Então, mais uma vez: o que exatamente se aprende ou se discute sobre o problema, se assim colocado?
Nada, porque tudo é epidérmico. Não se coloca em cena outra coisa que não seja o enredo gritante da cotidianidade, exagerado pela hipérbole do assassinato. Só que esse exagero mata tudo na raiz. O crime extraordinário paralisa a empatia e, ao ser hipertrofiado, desvia o foco da miséria ordinária: o achatamento psíquico do dia a dia. Não basta que a personagem da policial proteste contra o protagonismo do assassino se a série, em sua moldura, repete a “falha” que essa mesma personagem impugna. A garota assassinada é o anátema desse estranho sucesso.
Que tal então uma série em que o crime principal – de autoria difusa – fosse o abuso miúdo e pervasivo, o sufocamento permanente da autoestima a que estamos sujeitos nessa estúpida passarela de aparências? Uma série sem o crime pronunciado talvez não tivesse esse espetacular início. Mas o sofrimento psíquico das redes é uma realidade dolorosa, mesmo quando as crianças não chegam a matar por isso. “Eu sou feio? Me diga que sou bonito!”
Novamente, esse aspecto passa ao largo, é quase uma notinha no diálogo entre o infrator e a psicóloga forense. Esta, by the way, deveria ser cassada, por exercer a profissão daquele modo. Aliás, típico do fim-do-mundismo saxão no qual nada presta: a escola é gerida por incompetentes, os vizinhos são terrivelmente antipáticos, o mundo do trabalho foi triturado, a moral foi para o ralo, a justiça é uma farsa e o Estado aparece puramente como instituição total.
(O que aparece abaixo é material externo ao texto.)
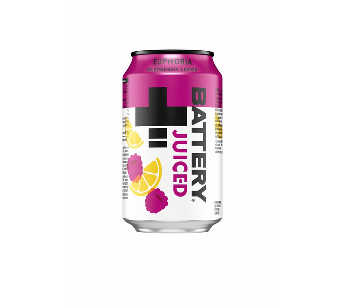 Battery Juiced Euphoria on virkistävä sitruunan ja vadelmanmakuinen energiajuoma, joka sisältää 25 % hedelmämehua, 100 % makua ja juuri sopivasti energiaa.
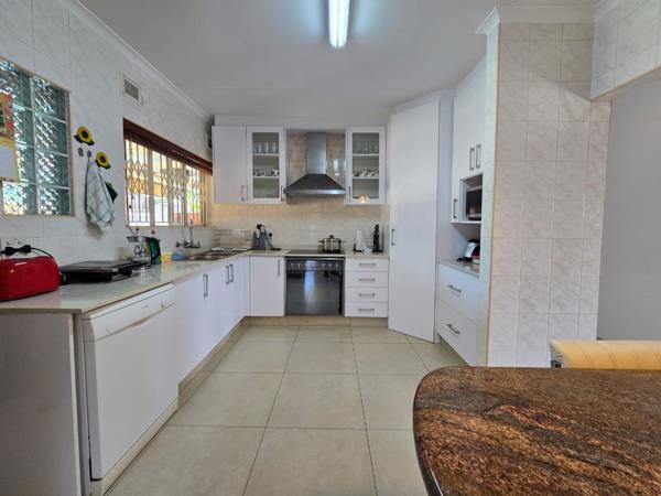 Located in the suburban heart of Greenwood Park, Durban, this expansive residential property offers a remarkable 1680 sqm of floor space, designed for comfortable family living and versatile accommodation. The main residence features generous open-plan living and dining areas, bathed in natural light from large windows. These spaces boast practical tiled flooring, recessed lighting, and climate control options including ceiling fans and visible air conditioning units, ensuring year-round comfort. The modern kitchen showcases white cabinetry, granite countertops, and integrated appliances, complemented by a second kitchen on the property, highlighting its dual living potential.
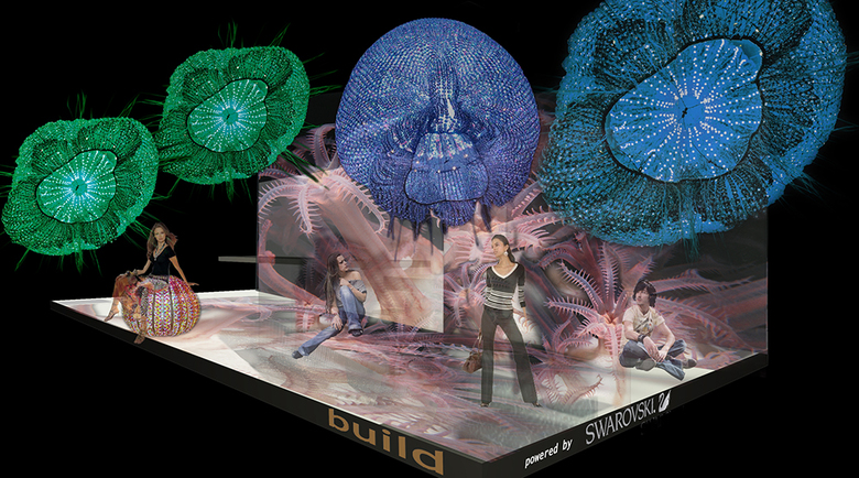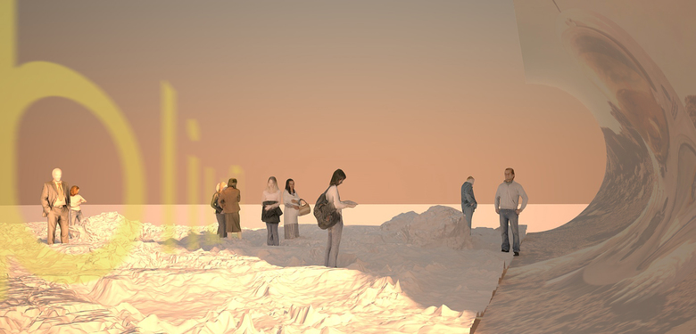 Ausstellungen dienen seit jeher dazu Aufmerksamkeit zu erwecken, aufzufallen und Neugierde zu wecken und zum Verweilen einzuladen. Für die Architekturzeitschrift build galt es, unter diesem Aspekt einen Messepavillon zu gestalten. Die entworfene Mondlandschaft soll die Besucher in eine fremde Umgebung beamen und architektonisch aus ihrer Alltagswelt herausreißen, zum Träumen anregen, Unterhaltungen ermöglichen, die am Officedesk nicht stattfinden. Es entsteht eine Magie, die dem Besucher das Gefühl gibt, er wäre durch einen Spiegel gegangen und hätte seine Welt hinter sich gelassen. Anstelle dessen ist er in eine Neue getreten, fremd und doch vertraut wo es nicht zugeht wie anderswo auf dem bewohnten Planeten sondern wie in einem seltenen Traum.
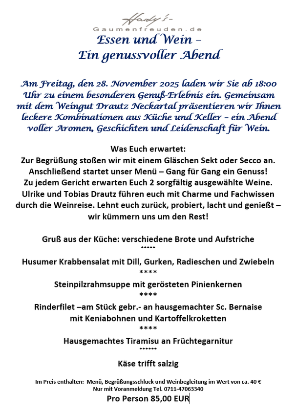 Ab 18:00 Uhr erwartet Sie ein mehrgängiges Menü, bei dem jeder Gang von passendem Wein begleitet wird. Gemeinsam mit dem Weingut Drautz präsentieren wir Ihnen leckere Kombinationen aus Küche und Keller – ein Abend voller Aromen, Geschichten und Leidenschaft für Wein.
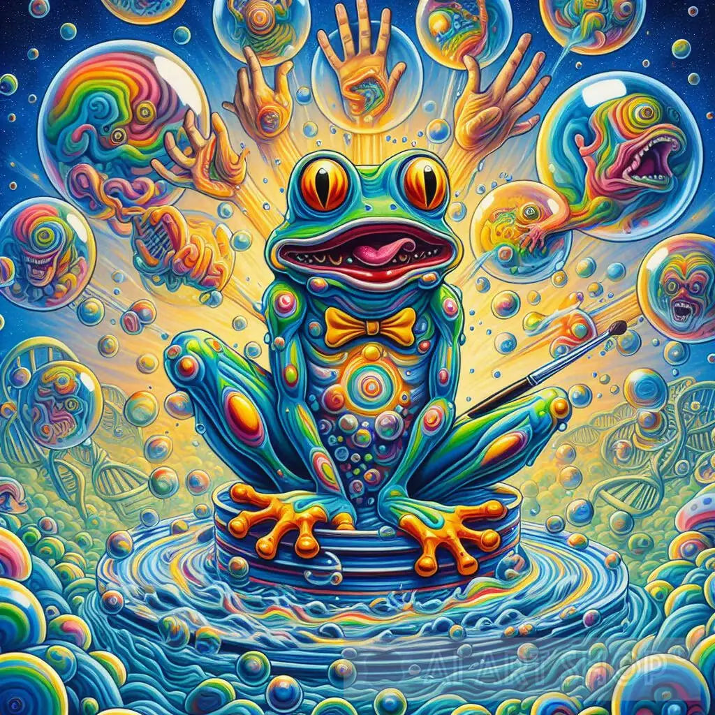 At the center of this psychedelic spectacle is the Clown Frog King, a whimsical ruler presiding over the aquatic realm. Liquid hands and feet spin and swirl, defying the constraints of ordinary physics. The character's DNA undergoes a mesmerizing morph, echoing the transformative nature of the surreal landscape.
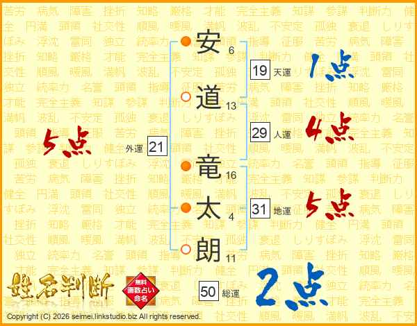 安(6画)道(13画) 竜(16画)太(4画)朗(11画)
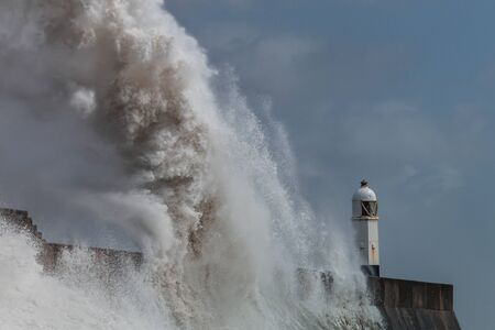 Huge ocean waves crashing into a sea wall and lighthouse (Porthcawl, South Wales, UK)

E assim, Adolescência faz sucesso, porém não atinge seus supostos propósitos, não acessa aquela universalidade que tanto comove. Estamos atolados na era do é sobre: o tema grita mais alto que o tratamento (a velha forma). Falta ainda a obra que encare essa urgência com coragem estética. Ela virá.
PS 1: Se a questão é conteúdo, convém acompanhar as manifestações excelentes da juíza Vanessa Cavalieri. Ela parece ter gostado de Adolescência, porém seu trabalho antecede e vale infinitamente mais que o produto da Netflix. Cavalieri nos conta que o cybercrime e outras delinquências morais – gravíssimas – estão alterando o perfil do jovem infrator que chega atualmente ao sistema judiciário. O que explica, inclusive, o frisson da mini-série nas encostas Sul e Norte do Espigão Mestre paulistano. A nova criminalidade não é mais estritamente periférica. Em tempos de narcisismo, tudo é mesmo uma questão de umbigo.
PS 2: O partido radical do plano sequência merece aplausos, mas acaba funcionando como pura virtuose desse naturalismo e não salva o produto de sua insipidez.